The Institute for Policy Studies used a broad survey of chief executive pay scales listed on the Standard & Poors 500 index to calculate an average of $15.3 million for top executives at the companies that pay the lowest median wage for workers. That median executive compensation scale represents a 29% increase from 2019 levels.

The median worker pay was $28,187 in 2020, which represents a 2% decrease. It could be argued that 2020 wasn’t a representative year, considering the sharp pandemic-induced downturn in consumer activity and layoffs or pay cuts that employers ordered to keep their budgets balanced. But that doesn’t explain such a steep chief executive median salary increase during that same period.

Companies mentioned on the name-and-shame list include Hilton Hotels, Chipotle and Yum Brands (KFC, Pizza Hut and Taco Bell).

Choices, choices

Just in case anyone was worried that America’s use of the death penalty isn’t already barbaric enough, South Carolina legislators are pursuing a measure to add firing squads to the state’s methods of execution. Like many states, South Carolina has seen executions grind to a halt because chemicals for lethal injection have become hard to come by. That’s because drug companies don’t want their products associated with executions, and so they have been restricting sales.

It’s just one indication of the significant turn in public opinion against capital punishment in recent years. Polls show support for executions at the lowest level in half a century, with majorities favoring instead life in prison without possibility of parole for murderers.

Instead of responding to that encouraging trend by shuttering its death chamber, as about half the states have done, South Carolina seeks to join the three states (Mississippi, Oklahoma and Utah) that currently allow death by firing squad. Under the South Carolina bill, inmates who can’t be executed by lethal injection due to drug shortages would be required to choose between being shot or electrocuted.

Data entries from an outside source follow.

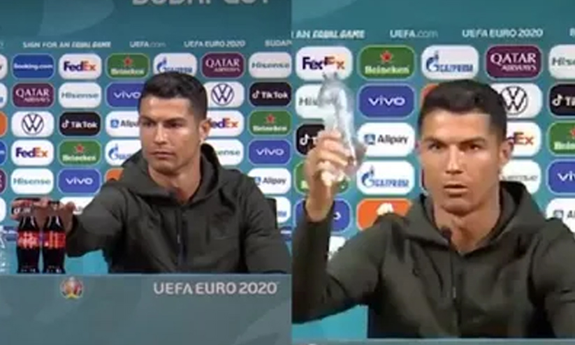 ഹംഗറിക്കെതിരായ മത്സരത്തിനു മുമ്പ് നടത്തിയ വാർത്തസമ്മേളനത്തിലാണ് റൊണാൾഡോ മേശപ്പുറത്തിരുന്ന കൊക്കകോള നീക്കം ചെയ്ത് വെള്ളം കുടിക്കാൻ ആഹ്വാനം ചെയ്തത്. തൊട്ടുപിന്നാലെയാണ് ഫ്രാൻസിെൻറ പോൾ പോഗ്ബ മേശപ്പുറത്തുനിന്ന് മദ്യക്കുപ്പി നീക്കം ചെയ്തത്.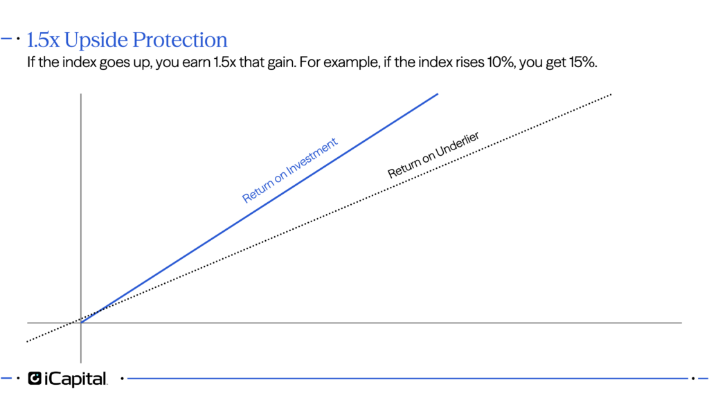 • If the market goes up, the investor earns 1.5 times the market’s gain (up to a cap).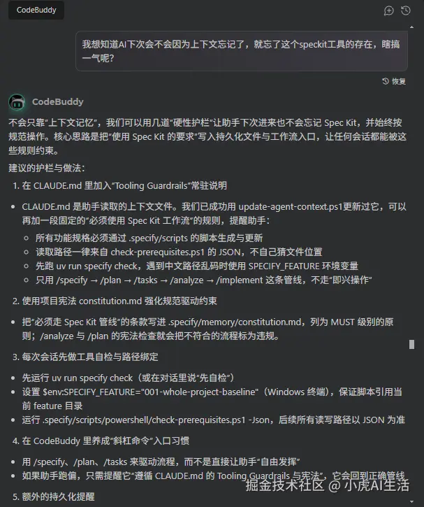 我想知道AI下次会不会因为上下文忘记了,就忘了这个speckit工具的存在,瞎搞一气呢?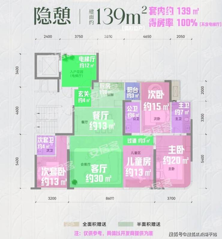 4房3卫,4开间朝南,独立电梯厅入户,双套房设计,但是有一个暗卫。客厅面宽5.3米,打通儿童房客厅拓展面宽8.6米。厨房面积还是有点小,需要与生活阳台打通,生活晾晒区需要合理规划与次卧的空间。139的边户户型,主卧转角窗户以及主卫的窗户设计,很有亮点。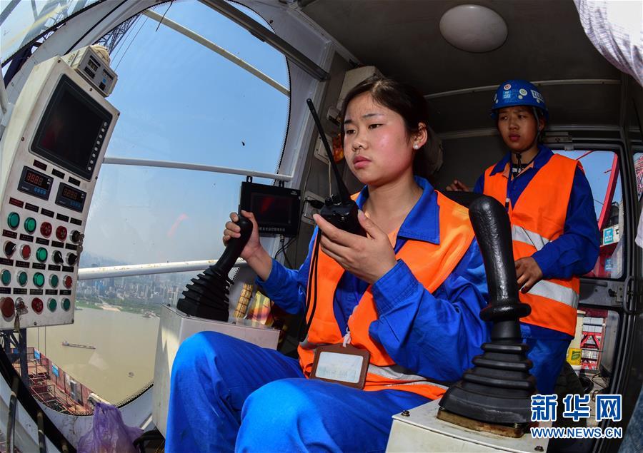 4月28日,卢有珍(右)在等待表姐肖金花操作结束以接班。在武汉绿地中心的建设工地上,有一对来自湖北省麻城市的表姐妹,她们在数百米的高空,操纵着亚洲房建领域最大的动臂塔吊。她们就是中建三局二公司年轻的塔吊操作工卢有珍和肖金花。卢有珍、肖金花姐妹俩都出生于1989年,还不到30岁,却已经操作塔吊3年多了。在设计高度636米的武汉绿地中心开工后,姐妹俩被派到这里,共同负责一台动臂塔吊的操作,互相轮班。随着大楼一天天“长高”,姐妹俩工作的“海拔”也一天比一天高,目前已离地300多米了,可谓身处“云端”开塔吊。长期从事高空作业,不仅要有很强的心理素质,还要克服长时间一个人在“云端”的寂寞,以及风吹日晒的考验。但姐妹俩说:“能见证和参与这座城市一步一步的变化,是我们的幸运。” 新华社记者 程敏 摄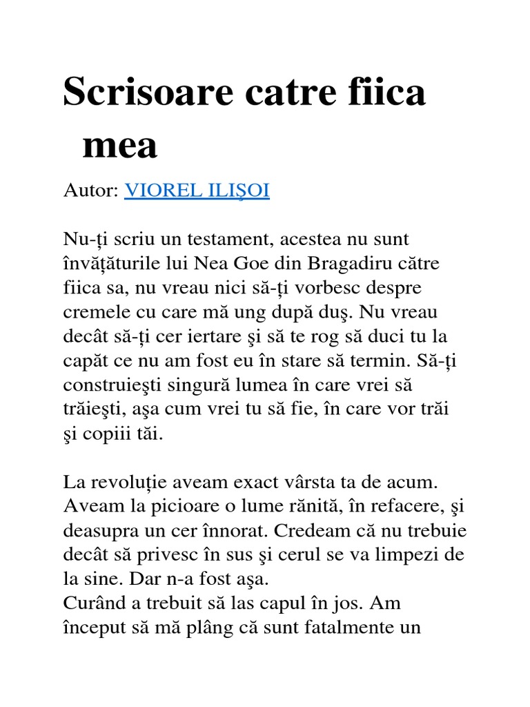 Amintirea acelui moment s a intiparit in inima mea pentru tot restul timpului care a venit dupa. Scrisoare către fiica mea. M am gândit să i scriu scrisoare fiicei mele.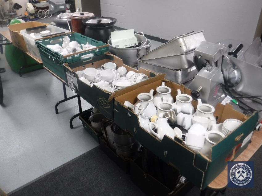 Five boxes containing hotel china, dinner, tea and coffee ware.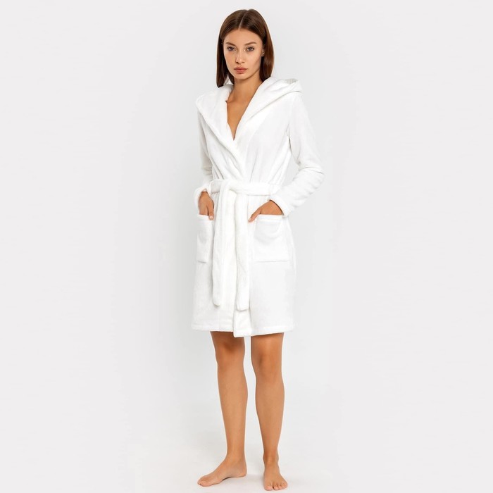 Халат махровый с капюшоном женский SL HOME: Basic "Блан де Блан", р-р S, 100% хл, 420 г/м2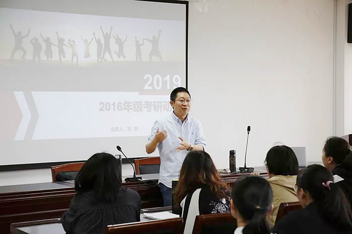 学院党委副书记副院长金玲分析了学院2019届毕业生考研数据,要求同学们审视端正自己的考研动机,不盲从、不跟风,既然选择考研就要做好拼搏的准备,并从考研报考学校和备战复习过程中的时间管理两方面给同学们提出了建议和意见。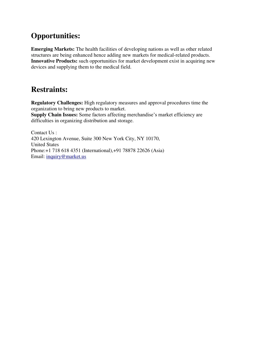 Opportunities: Emerging Markets: The health facilities of developing nations as well as other related structures are being enhanced hence adding new markets for medical-related products. Innovative Products: such opportunities for market development exist in acquiring new devices and supplying them to the medical field. Restraints: Regulatory Challenges: High regulatory measures and approval procedures time the organization to bring new products to market. Supply Chain Issues:Some factors affecting merchandise’s market efficiency are difficulties in organizing distribution and storage. Contact Us : 420 Lexington Avenue, Suite 300 New York City, NY 10170, United States Phone:+1 718 618 4351 (International),+91 78878 22626 (Asia) Email: inquiry@market.us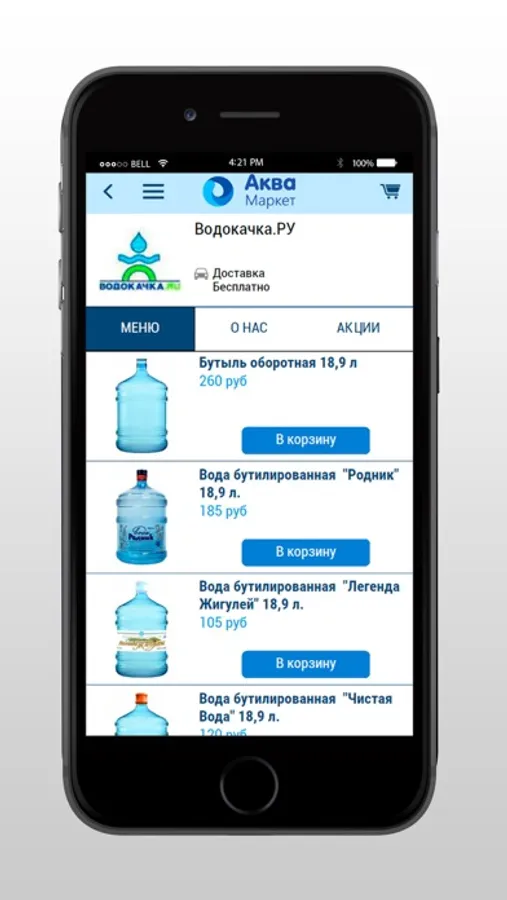 АкваМаркет - это приложение-агрегатор, в котором мы объединяем компании по доставке питьевой воды домой и в офис.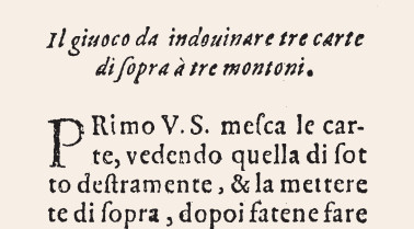 The first reference to this principle, applied to playing cards, appears in a 1593 book written by Horatio Galasso from Arienzo, near Caserta, in the same geographical area where Saviano was born. The method was offered to the reader not for criminal purposes, but to enchant an audience with a demonstration of (alleged) clairvoyance (“The game to guess three cards above three decks.”)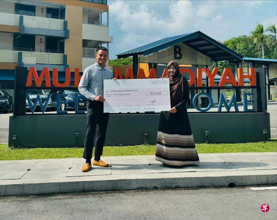 新加坡莫罕默迪亚福利院(Muhammadiyah Welfare Home)星期二在脸书上传一张图片,图片中哈山将一张1万新元的支票递给机构负责人马吉德(Rahmatunnisa Abdul Majeed)。哈山还与那里的孩子们进行互动。

Nixing NRA’s bogus bankruptcy claim

A federal bankruptcy judge in Dallas recognized the National Rifle Association’s bankruptcy claim for what it was: nonsense. Judge Harlin Hale ruled the case was not filed in good faith — which is a polite way of telling NRA lawyers that they had no business attempting this ploy and wasting the court’s and taxpayers’ time and money.

Hale’s ruling echoed the arguments of the federal government that the NRA, a federally registered nonprofit, was entirely solvent and was simply using this ploy to move its registration out of its home state of New York so it could benefit from the more friendly legal climes of Texas. New York Attorney General Letitia James sued to shut down the NRA in August, accusing chief executive Wayne LaPierre of diverting millions of dollars for personal expenses and engaging in questionable contracting practices. LaPierre says his organization will keep fighting, but one thing he cannot avoid: accountability in New York for luxuriating on donors’ dimes.